◆ **What to produce**
From the line containing "Haofanjie dried flower" to the line containing "Destination London–Photographed by" in the entries below, reproduce every line exactly, ends included. Nothing else belongs in the copy, and no pictures.

◆ **Records for this task**

Content starts

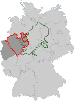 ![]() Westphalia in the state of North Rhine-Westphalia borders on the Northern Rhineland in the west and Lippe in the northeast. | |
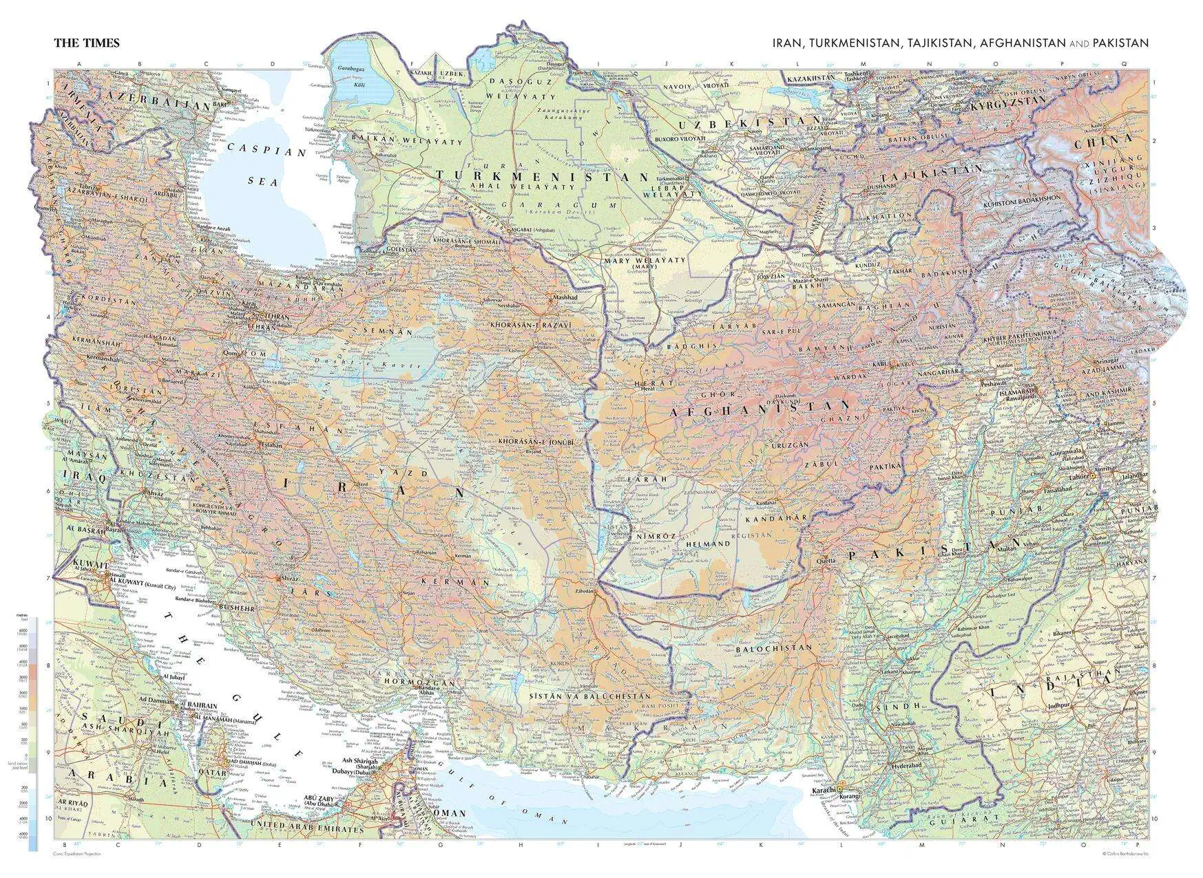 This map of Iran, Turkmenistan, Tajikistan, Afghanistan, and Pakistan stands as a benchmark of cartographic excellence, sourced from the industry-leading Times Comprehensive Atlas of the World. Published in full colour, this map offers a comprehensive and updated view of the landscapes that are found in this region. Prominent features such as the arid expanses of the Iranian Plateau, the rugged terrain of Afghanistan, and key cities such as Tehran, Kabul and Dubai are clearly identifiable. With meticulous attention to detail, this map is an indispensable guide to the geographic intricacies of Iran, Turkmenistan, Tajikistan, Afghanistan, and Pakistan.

Content ends
Content starts

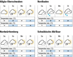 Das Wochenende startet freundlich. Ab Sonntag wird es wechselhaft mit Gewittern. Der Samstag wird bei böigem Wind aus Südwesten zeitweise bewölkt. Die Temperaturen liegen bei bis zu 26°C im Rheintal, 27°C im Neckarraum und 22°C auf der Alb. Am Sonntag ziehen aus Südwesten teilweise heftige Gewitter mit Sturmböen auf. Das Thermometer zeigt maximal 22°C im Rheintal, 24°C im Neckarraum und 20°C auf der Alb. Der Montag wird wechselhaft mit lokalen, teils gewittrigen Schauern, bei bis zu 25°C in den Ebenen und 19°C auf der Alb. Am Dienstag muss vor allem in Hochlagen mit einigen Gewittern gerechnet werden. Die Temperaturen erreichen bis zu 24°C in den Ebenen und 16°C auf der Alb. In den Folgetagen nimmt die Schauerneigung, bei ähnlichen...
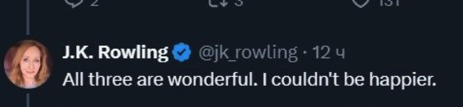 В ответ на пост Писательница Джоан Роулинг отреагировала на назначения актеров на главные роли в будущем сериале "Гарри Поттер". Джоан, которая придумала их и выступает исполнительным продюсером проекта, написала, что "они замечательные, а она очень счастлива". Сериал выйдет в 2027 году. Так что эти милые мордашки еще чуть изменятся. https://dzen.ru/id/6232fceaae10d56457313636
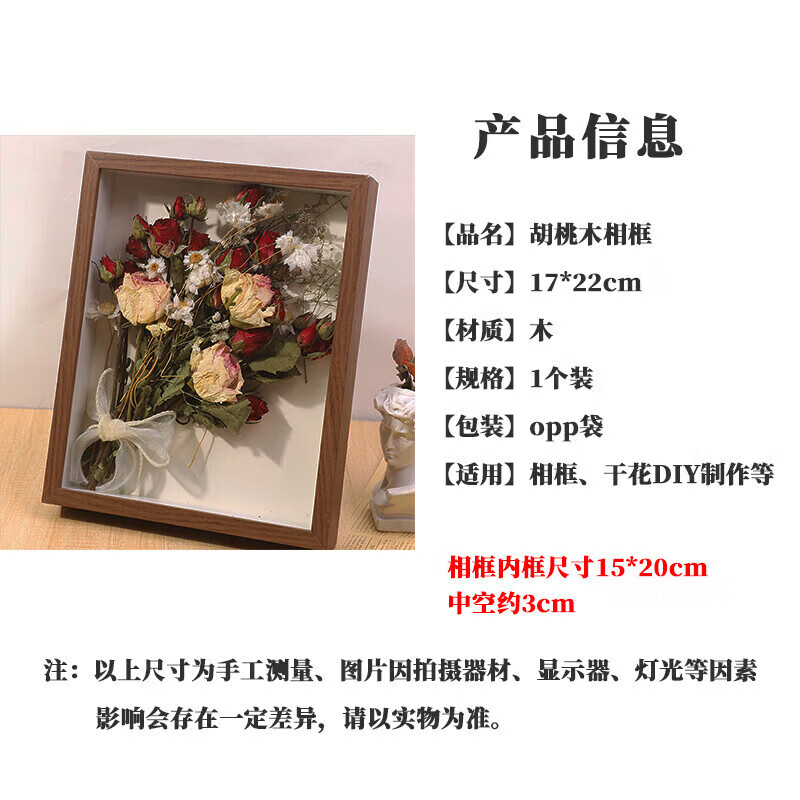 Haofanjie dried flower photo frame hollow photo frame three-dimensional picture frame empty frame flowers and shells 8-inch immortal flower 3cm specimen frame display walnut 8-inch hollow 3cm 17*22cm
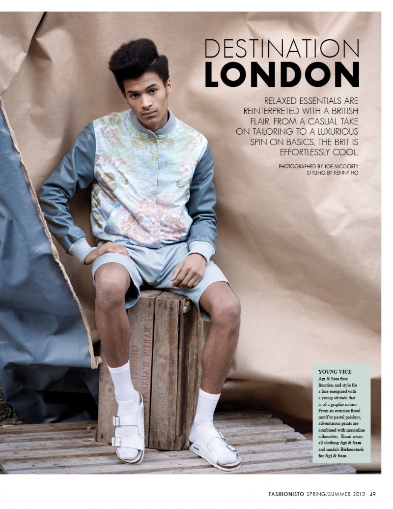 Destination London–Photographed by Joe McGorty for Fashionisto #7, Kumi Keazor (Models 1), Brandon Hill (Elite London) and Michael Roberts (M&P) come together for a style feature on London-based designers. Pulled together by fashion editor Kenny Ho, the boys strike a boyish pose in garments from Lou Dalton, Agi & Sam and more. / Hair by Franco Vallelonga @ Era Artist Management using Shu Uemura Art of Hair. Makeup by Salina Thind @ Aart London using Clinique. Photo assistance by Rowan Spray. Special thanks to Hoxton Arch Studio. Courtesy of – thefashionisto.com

Content ends
Content starts

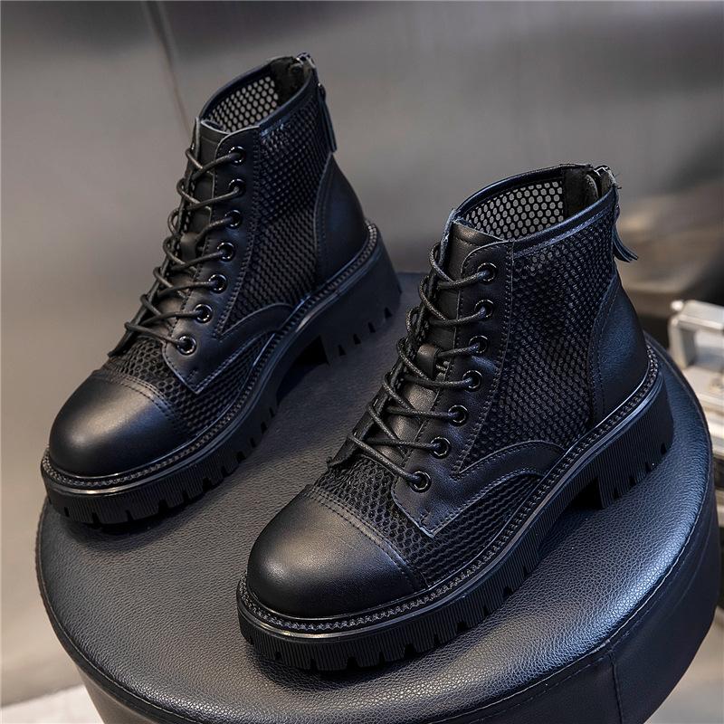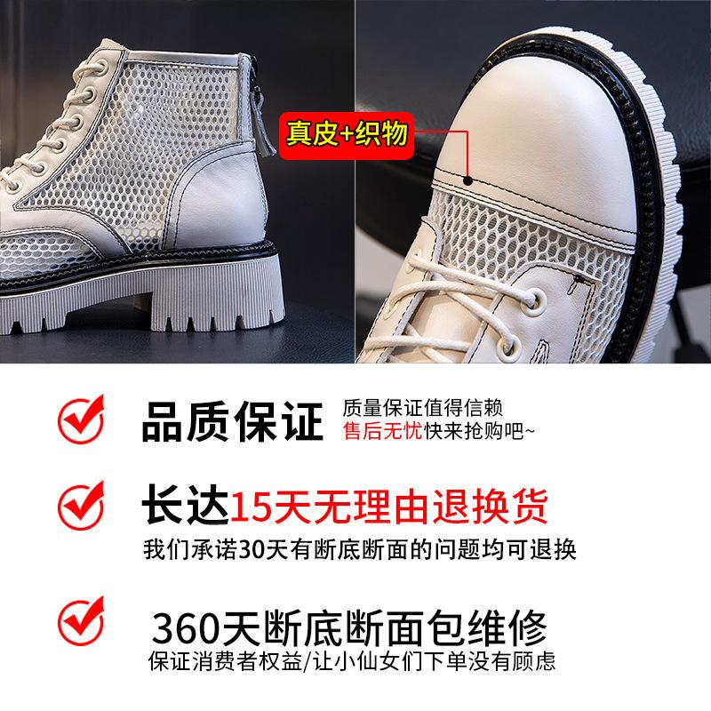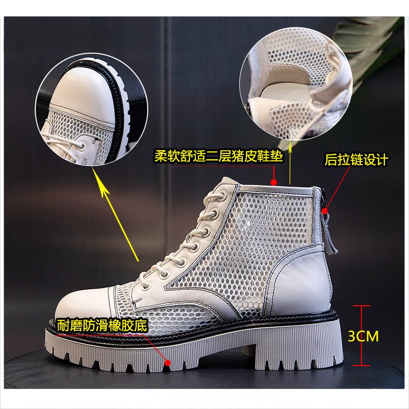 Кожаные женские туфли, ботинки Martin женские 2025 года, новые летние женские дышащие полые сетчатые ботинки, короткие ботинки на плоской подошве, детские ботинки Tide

Content ends

◆ **Answer space**
 Haofanjie dried flower photo frame hollow photo frame three-dimensional picture frame empty frame flowers and shells 8-inch immortal flower 3cm specimen frame display walnut 8-inch hollow 3cm 17*22cm
 Destination London–Photographed by Joe McGorty for Fashionisto #7, Kumi Keazor (Models 1), Brandon Hill (Elite London) and Michael Roberts (M&P) come together for a style feature on London-based designers. Pulled together by fashion editor Kenny Ho, the boys strike a boyish pose in garments from Lou Dalton, Agi & Sam and more. / Hair by Franco Vallelonga @ Era Artist Management using Shu Uemura Art of Hair. Makeup by Salina Thind @ Aart London using Clinique. Photo assistance by Rowan Spray. Special thanks to Hoxton Arch Studio. Courtesy of – thefashionisto.com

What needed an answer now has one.